Immunohistochemistry.
VGLuT1 immunoreactivity was used to evaluate changes in cortical and intrahippocampal glutamatergic terminal densities (Fremeau et al., 2004) and VAChT for cholinergic terminal densities. Immunofluorescent staining was done using primary antibodies against VAChT (rabbit polyclonal; 1:1000; Synaptic Systems catalog #139 103 RRID:AB_887864) and VGluT1 (guinea pig polyclonal; 1:1000; Synaptic Systems catalog #135 304, RRID:AB_887878) and secondary antibodies (Alexa Fluor 488 anti-guinea-pig; 1:1000 and Alexa Fluor 555 anti-rabbit; 1:1000) from Invitrogen. Slices were incubated with 5% normal donkey serum diluted in PBS (0.1% of Triton ×100) for 2 h at room temperature and then incubated at room temperature for 18 h with primary antibodies diluted in PBS (0.1% of Triton X-100). After 3 washes in PBS, sections were incubated for 2 h with secondary antibodies. After three washes in PBS, sections were mounted with a DAPI slide mounting kit (DAPI Fluoromount-G; SouthernBiotech) to facilitate anatomical delimitations. Each immunohistochemical staining was done in one run for all mice included in the study.
Image analysis.
Images were taken with a 20× magnification objective lens mounted on a Leica bright-field microscope, with all settings kept identical for all sections of each type of staining. Image analysis was performed with ImageJ (RRID:SCR_003070). Synaptic densities were measured in all synaptic layers of the dorsal DG, CA3, CA2, and CA1 (for each layer, three measurements per section in 100 μm2 sampling box on four sequential sections spaced by 120 μm: these 12 measurements for each synaptic layer for each mouse were averaged to give one value for each layer per mouse; see Fig. 1). Cholinergic density was estimated from binearized pictures as a percentage of area covered by the staining after thresholding. The threshold was set to quantify only synaptic terminals: threshold level was increased until all fibers disappeared from thresholded images. This approach was selected as more appropriate to reveal changes in the sparse VAChT signal than relative fluorescent density. Glutamatergic density was assessed through the intensity of fluorescence after subtraction of background fluorescence taken from the surrounding corpus callosum. This relative fluorescence approach was selected for assessing VGluT1 changes because VGluT1-positive terminal dense packing and the absence of fiber staining precludes a thresholding approach similar to that used for cholinergic terminals. Synaptic cholinergic and glutamatergic data were expressed as a ratio of the respective sham density (for each delay, genotype, and sex) to extract and compare specifically lesion-related synaptic reorganizations throughout groups. Density of staining was first measured for all mice. Then, for each genotype, sex, and delay, density of all sham and lesioned mice was divided by the averaged density calculated in the corresponding sham group. The presumable main origin of glutamatergic innervation for each layer was indicated in our graphs based on Van Strien et al. (2009).

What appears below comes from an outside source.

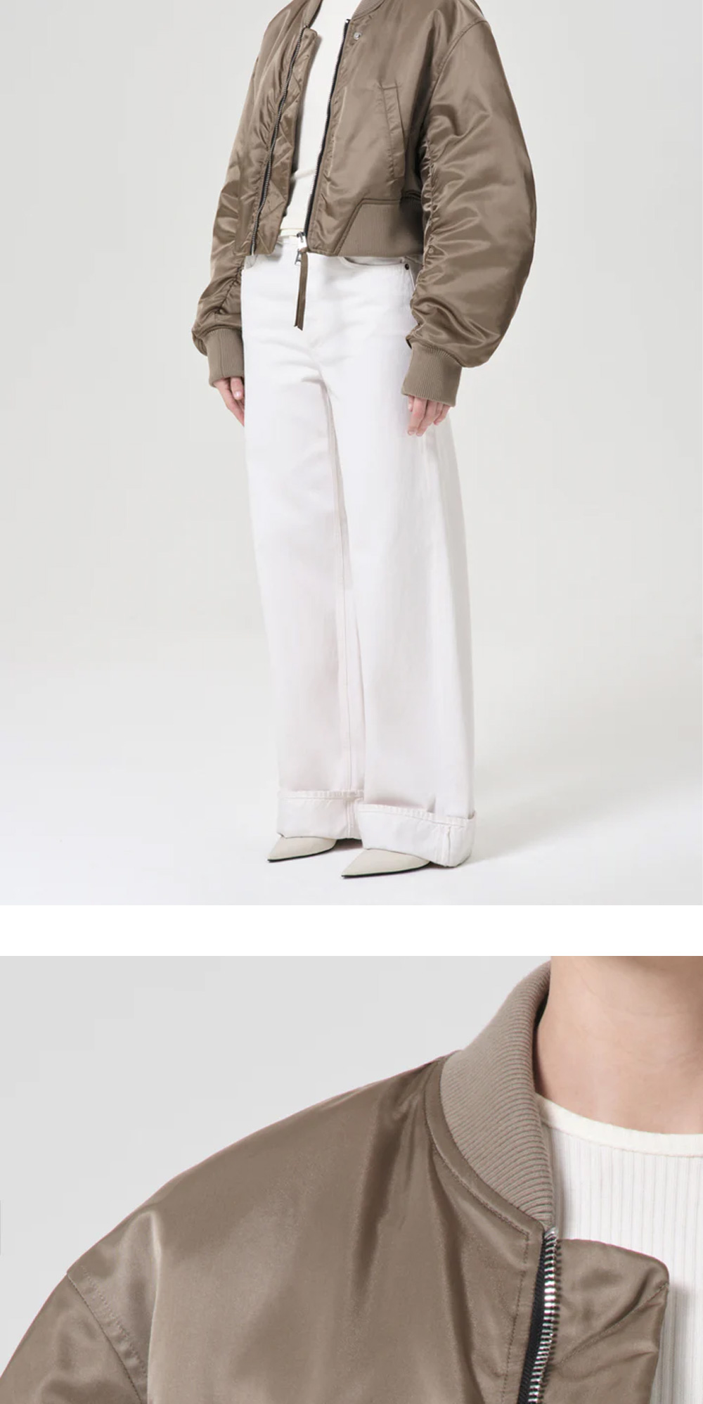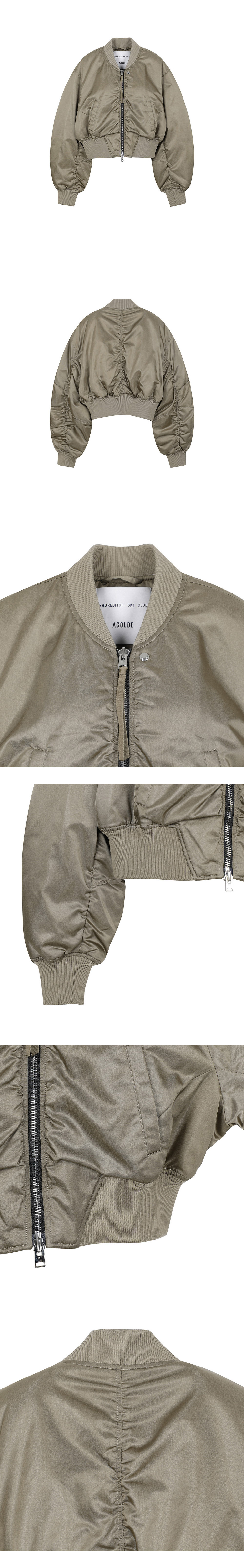 크롭 기장과 곡선의 소매 실루엣으로 우아한 느낌을 주는 에이골디의 봄버 자켓입니다. - 릴랙스 핏 - 드롭 숄더 디자인 - 두껍지 않은 내부 퀼팅 - 소매 및 후면 셔링 디테일 - 매우 부드러운 소재의 립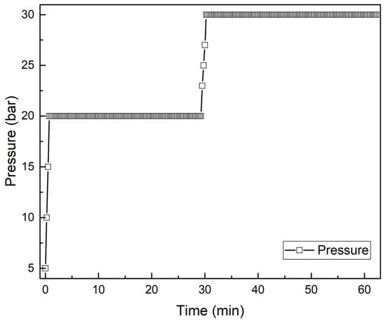 Notably, when dynamic pressure control was applied, the total filtrate recovery (~450 g) exceeded that achieved under a constant-pressure regime (e.g., 20 bar throughout). Literature reports that even doubling pressure from 0.3 MPa to 0.6 MPa often results in only marginal additional filtrate volume (e.g., moisture content reduction from 82.6% to 80.4%) [36]. In contrast, in the present study, increasing pressure from 20 bar to 30 bar after 30 min enabled an additional reduction in cake moisture content by more than 10 percentage points, indicating a significantly enhanced dewatering effect through pressure staging (Figure 10). This performance enhancement aligns with the dual-phase filtration–compression strategy described by La Heij et al. [37], where a first filtration stage at 0.3–0.4 MPa achieved 60–65% cake moisture, while reaching below 40% moisture required extremely high pressures (6–10 MPa). In the present work, final cake moisture reached approximately 65% using a maximum pressure of 3 MPa, representing optimal dewatering within practical pressure limits. Similar trends were reported by Zhao and Bache, who observed diminishing returns in dewatering efficiency beyond certain pressure and time thresholds [38]. Wu et al. [39] also identified critical pressure limits beyond which further pressurization negatively impacted dewatering kinetics. These findings corroborate the effectiveness of pressure step-up strategies to maximize dewatering performance.

Optogenetic and electrophysiology.
Mice under urethane (1.5 g/kg; Sigma-Aldrich) and ketamine (50 mg/kg; Imalgen; Merial)/xylazine (10 mg/kg; Rompun; Bayer) terminal anesthesia were placed in a stereotaxic apparatus after the complete loss of tail- and paw-pinch retraction reflexes. Coordinates were calculated from bregma (dorsal hippocampus recordings: AP −1.94 mm; ML ±0.11 mm; P −0.12 mm from dura; MSDB optical fiber: AP +0.078 mm; ML −0.015 mm; P-3.9 mm from dura; perforant path stimulation: AP-0.43 mm; ML ±0.24 mm; P −0.15 from dura). Optogenetic stimulations were done with an LED stimulation light (Prizmatix) at 470 nm through a 250 μm optic fiber (10 ms pulses at 0.2, 5, or 20 Hz; 15–20 mW output power). Recordings were done with a linear 16-channel silicon probe (Neuronexus, A1x16-2 mm-50-177) connected to an AlphaLab recording system (Alpha-Omega). Raw signal was amplified (200×), filtered between 0 and 9 kHz, and digitalized at 22 kHz. Silicon probes, optical fiber, and stimulating electrodes were painted with 2% Dil solution (Sigma-Aldrich) for localization.

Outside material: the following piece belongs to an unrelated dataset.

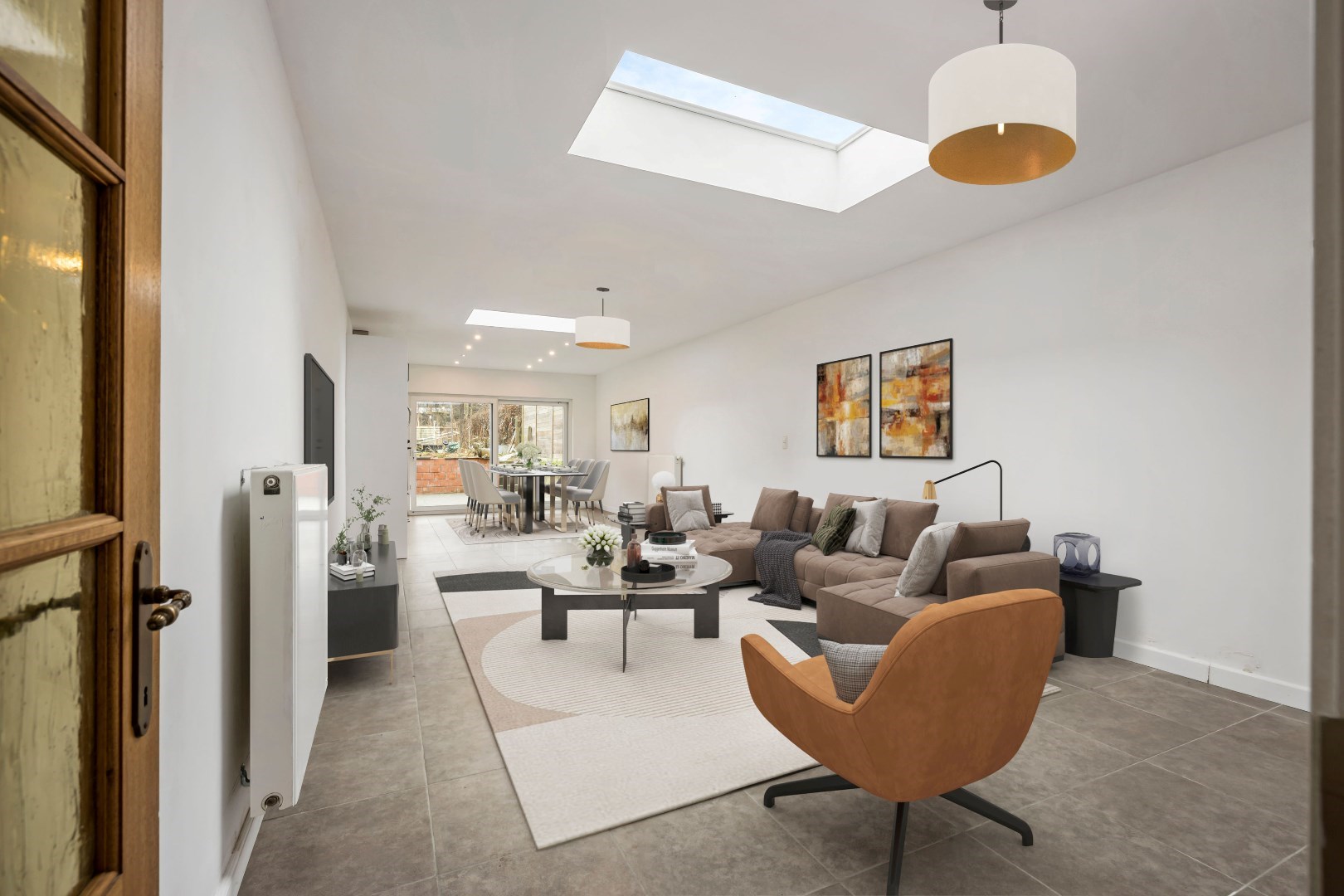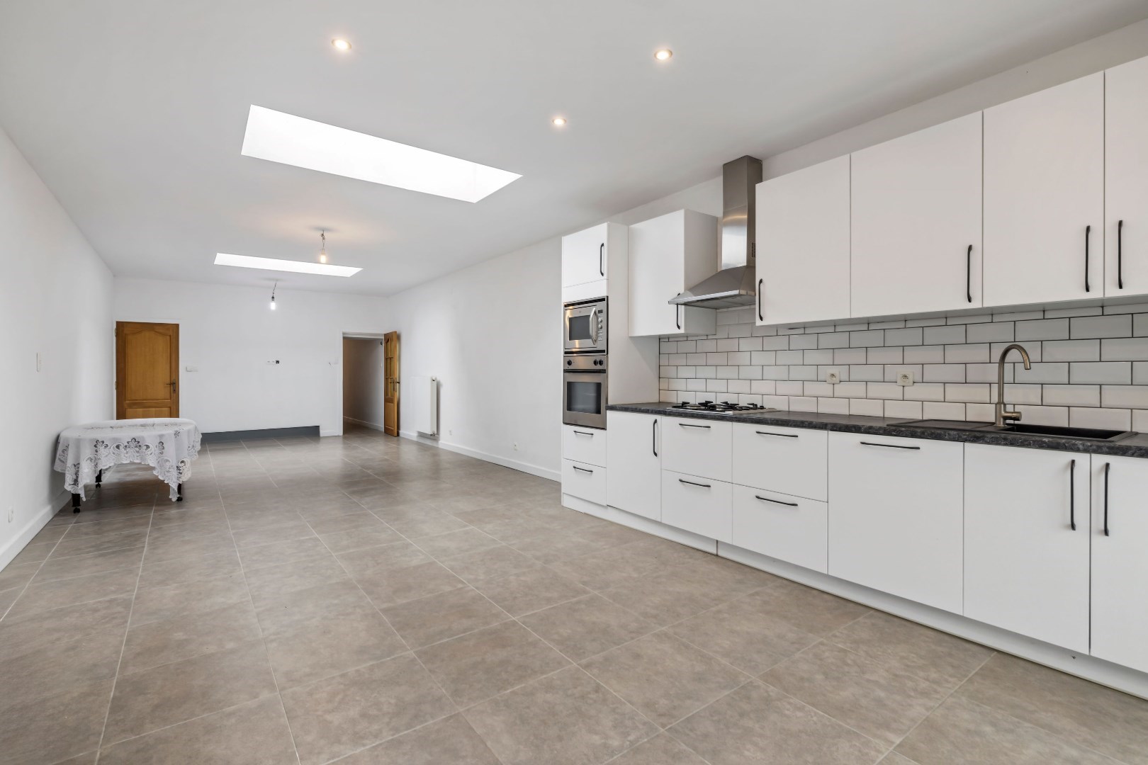 Binnenin vindt u een zeer ruime leefruimte met een open keuken, voorzien van modern comfort, en een badkamer op het gelijkvloers met douche en dubbele wastafel. Met de mogelijkheid tot 4 slaapkamers, of 3 slaapkamers en een praktische bureauruimte, biedt deze woning meer dan voldoende flexibiliteit voor uw gezin of thuiswerkbehoeften.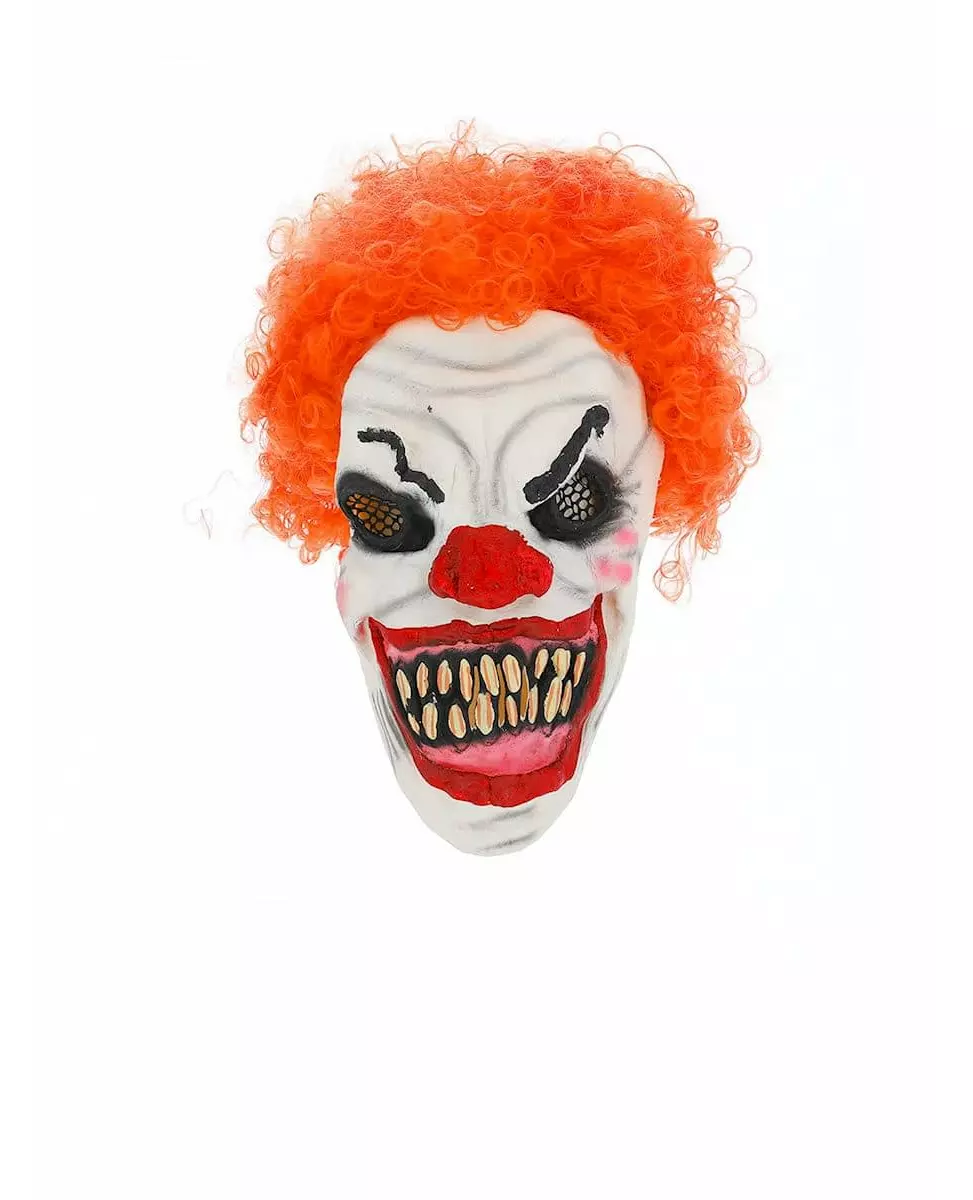 Med hår! Denne klovnemasken for voksne har krøllete rødt hår! Ansiktstrekkene og tennene gjør den skummel og lar deg spille en klovn som ikke er morsom i det hele tatt, snarere tvert imot! Naboene dine vil angre på at de så deg på Halloween-kvelden! De markerte svarte rynkene og det brede gulaktige smilet gir en skremmende gjengivelse! I tillegg holdes den bak hodet takket være en strikk. Skremm vennene dine helt anonymt til Halloween-festen din! Inkludert tilbehør: Maske Materiale: Lateks

Analyses were performed using custom-made scripts in MATLAB (MathWorks, RRID:SCR_001622). When present, slow drift and electrical noise were removed using the Chronux signal processing toolbox (Bokil et al., 2010; RRID:SCR_005547). LFP data were down-sampled to 2200 Hz and filtered between 0.1 and 500 Hz. Spectral analysis were carried with the Chronux toolbox with a time-frequency product of three and five tapers. Time-frequency analyses were done on 4 s window moved across the data in 1 s increments. Due to the high occurrence of dentate LFP spikes in lesioned mice, power in the theta band (3–9 Hz in anesthetized mice) was measured as peak power, a measure removing contamination caused by high-amplitude events.
Urethane anesthesia is characterized by alternating theta and non-theta states (Pagliardini et al., 2013). Only periods associated with theta (theta/delta power ratio >5) were analyzed. Electrophysiological changes induced by optogenetic cholinergic stimulations were extracted from the comparison between 60 s of baseline with 60 s of stimulation followed by 60 s of recovery. Scopolamine hydrobromide (Sigma-Aldrich; 3 mg/kg, i.p., dissolved in saline) was used to assess muscarinic cholinergic receptor involvement.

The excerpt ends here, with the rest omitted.